Nasdaq, S&P 500 suffer worst day of year, as AI stocks tumble, Fed rate-hike odds rise
Stocks and other risk assets fell Friday after strong US jobs data raised expectations of Federal Reserve rate hikes. The S&P 500 dropped 2.64% and the Nasdaq fell 4.18%; the VIX rose 40% to a two-month high.
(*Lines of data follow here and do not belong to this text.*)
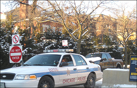 Xe cảnh sát đỗ ngay sát nhà ông Obama, trên đường dẫn vào cổng chính...
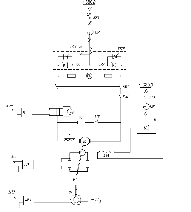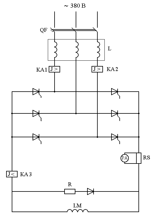 Рисунок 3.2 Упрощенная принципиальная схема реверсивного тиристорного
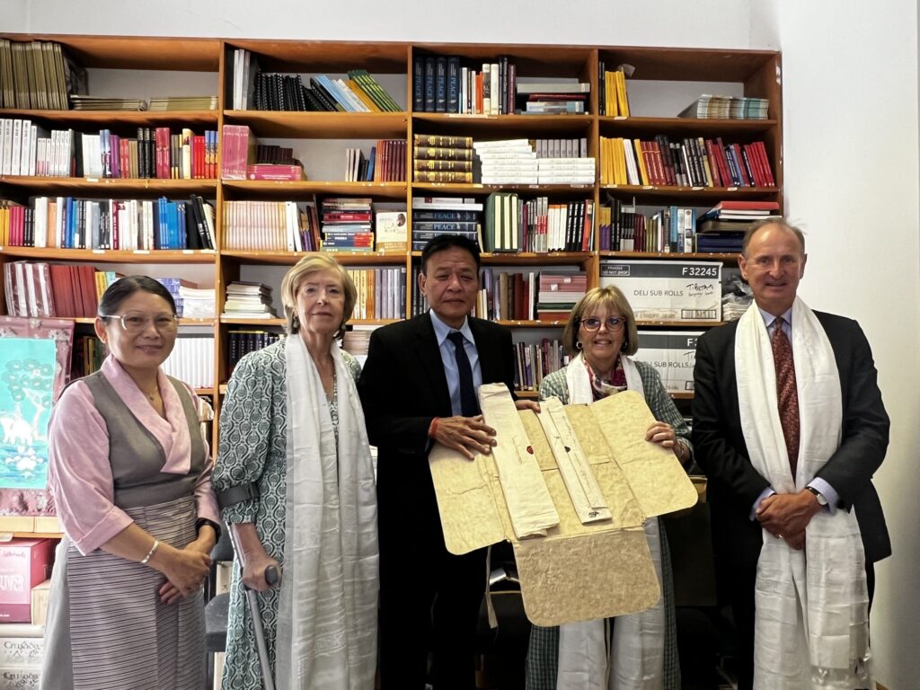 这两份文献由贝锡爵士的家族成员与邦瀚斯拍卖行(Bonhams)代表贾尔斯‧佩皮亚特亲自交予司政,象征着一次极具意义的文化回归行动。驻伦敦代表次仁央金与办事处工作人员共同见证了这一盛况。
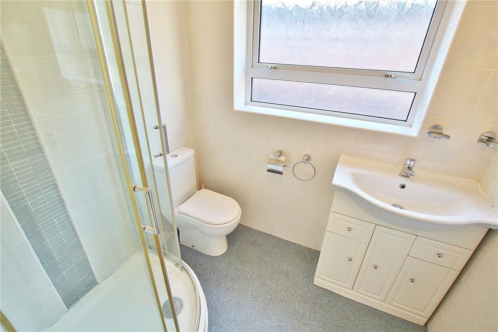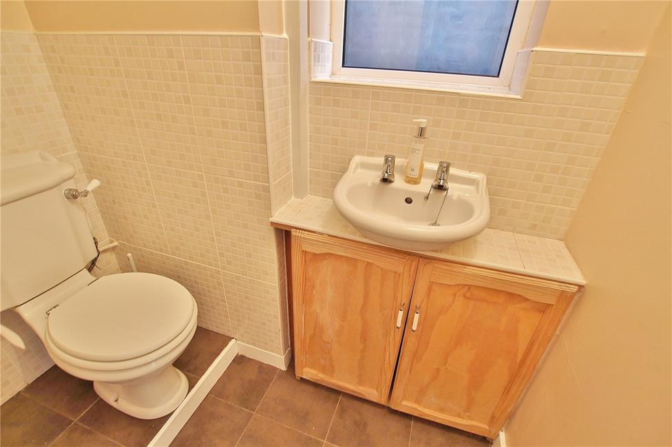 Comprising wash basin with cabinet below, low level WC, tiled floor. Window to side.
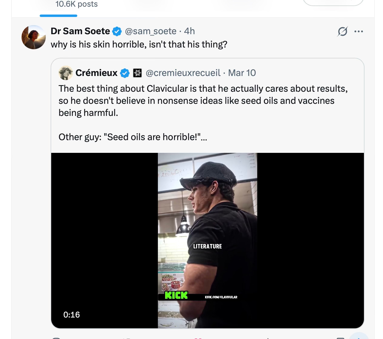 In clav’s case, he now has terrible skin health. This is a direct consequence of the multitude of compounds he’s mixing together.
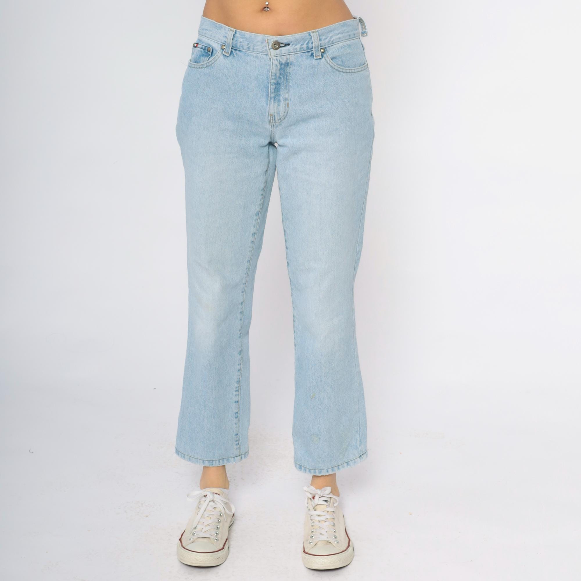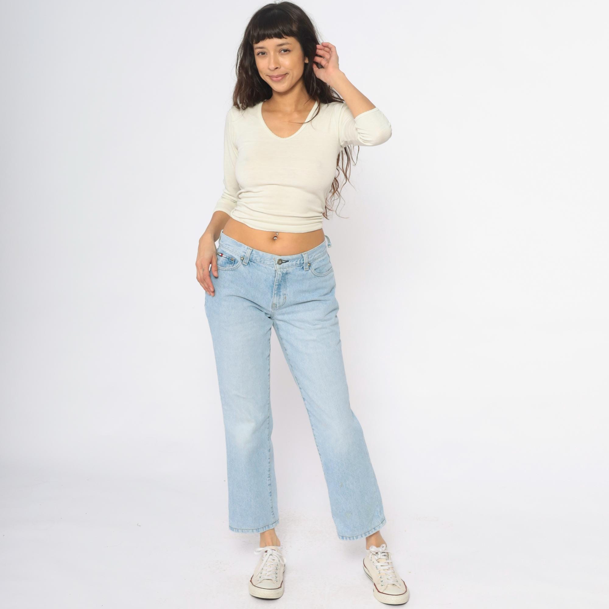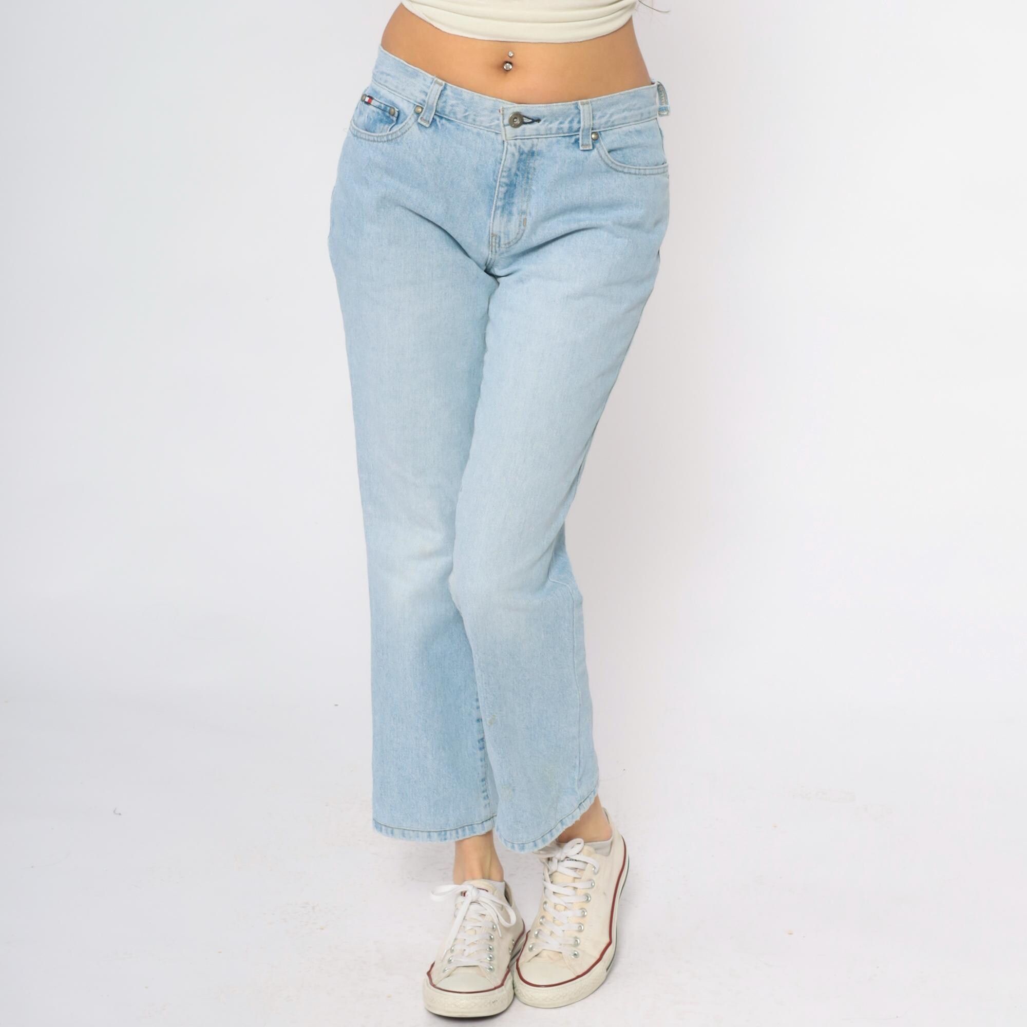 Y2K light blue denim jeans from Tommy Hilfiger with straight leg cut and cropped ankle length. High waist with belt loops and button fly closure, classic five-pocket styling with branded button and rivets.

May jobs added 172,000, and CME FedWatch put a December hike chance at 43% (up from 26%). 10-year yields rose to 4.54%, pressuring tech; Broadcom guidance and Meta reports also weighed.
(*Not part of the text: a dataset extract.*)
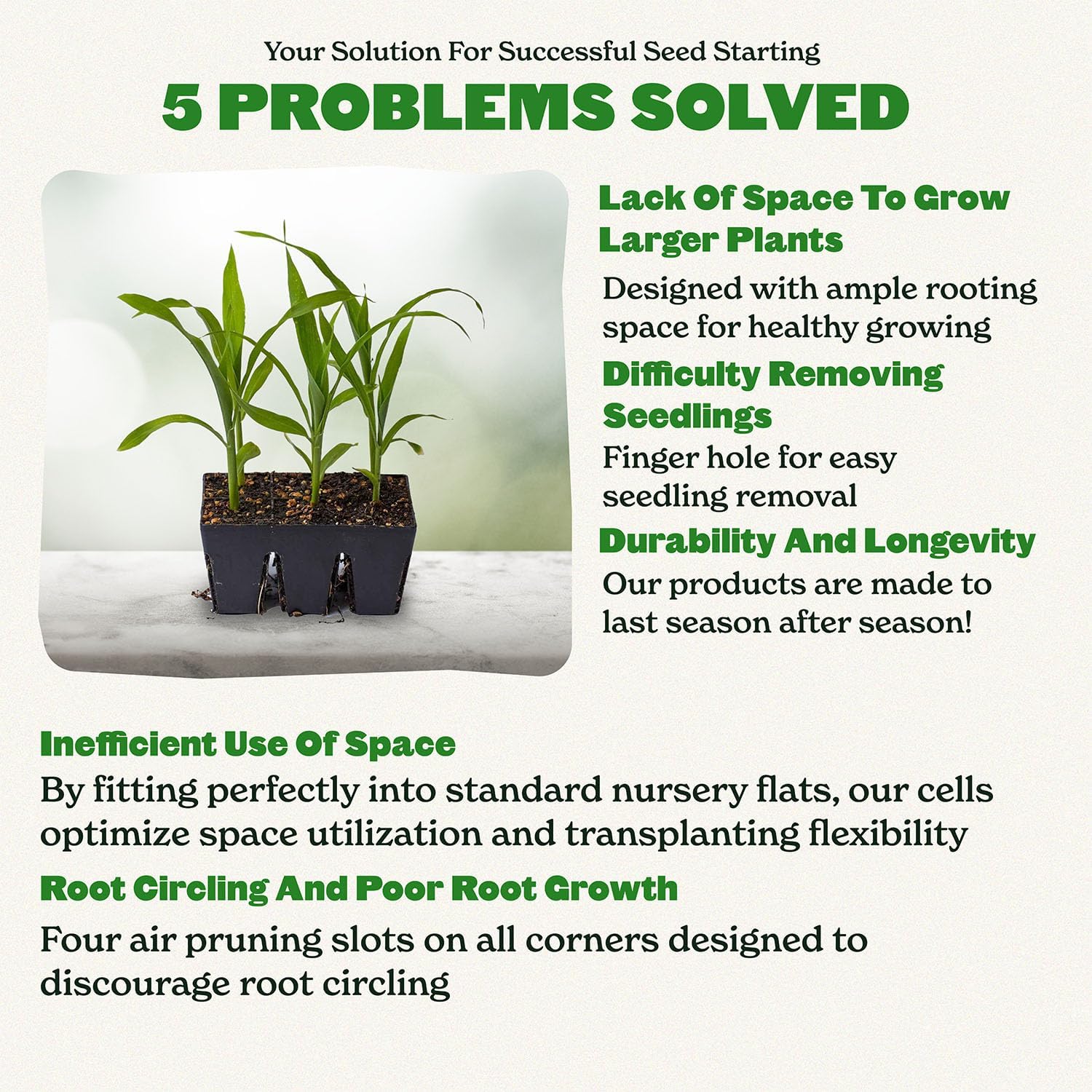 - Healthy Roots, Happy Plants: Forget root circling! Air pruning slots on all four corners of these plant germination trays and an open base encourage healthy root development. This translates to stronger, more vibrant seedlings ready to thrive in your garden.
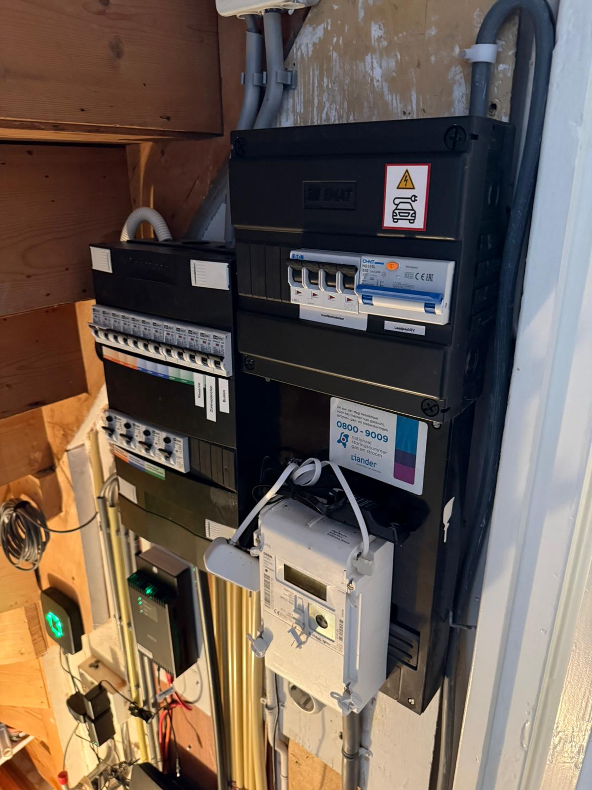 In Apeldoorn installeerden we een Zaptec GO 2 (tot 22 kW, V2G-ready) netjes tegen de gevel. Voor veilig en slim laden plaatsten we een Tibber Pulse in de slimme meter voor loadbalancing, zodat het beschikbare vermogen automatisch wordt verdeeld. In de meterkast kwamen een 3-fase hoofdschakelaar en aardlekautomaat in een compacte opbouwkast. Via de kruipruimte legden we 10 m 5x4 mm² kabel naar de oprit, strak afgewerkt met UV-bestendige kabelkoker.

Guidance miss reinforces AI-semiconductor demand sensitivity and can pressure the whole AI chip complex via read-across.
Broadcom reported weaker-than-expected third-quarter chip revenue guidance, sending shares down 12.59% Thursday and 7.92% Friday.
Near-term downside bias for AI/semi names until new guidance stabilizes expectations.
Background
The selloff is framed around a strong May jobs print (172k vs expectations) shifting Fed easing expectations and lifting Treasury yields; AI stocks then sold off on guidance/financing headlines.
Why it matters
Strong labor data increases odds of later-year tightening, pressuring equities via higher yields; within tech, AVGO’s guidance miss and META’s reported equity-raise plans add company-specific risk to AI-linked trades.
Market relevance
This is a cross-asset risk-off day driven by rates repricing, with additional catalysts in AI-linked semis (AVGO) and AI capex financing (META).
Market effects
Higher-for-longer rate expectations plus AI/semis guidance sensitivity raise discount-rate pressure and compress AI-multiple support.
US risk assets sold broadly (stocks, bonds, crypto, gold), consistent with a US rates-driven de-risking impulse.
Higher US yields and risk-off sentiment can transmit to global tech/semis and cross-asset hedging flows.
Alternative perspectives
If the jobs strength is transitory and inflation cools, the rate-hike odds could mean-revert, allowing AI/semis to rebound quickly from oversold levels.
The article doesn’t quantify how much of the AI selloff is positioning/technical profit-taking versus fundamental demand changes; that mix can drive how persistent the move is.
Key entities
- macro policyFederal Reserve
Jobs strength raises odds of rate hikes later this year, with traders citing FedWatch probabilities.
- data sourceBureau of Labor Statistics
Released May jobs data cited as smashing expectations.
- market toolCME FedWatch
Used to quantify rising December hike odds (43% vs 26% a month ago).
- volatility gaugeVIX
Surged 40% to the highest level in two months, signaling risk-off.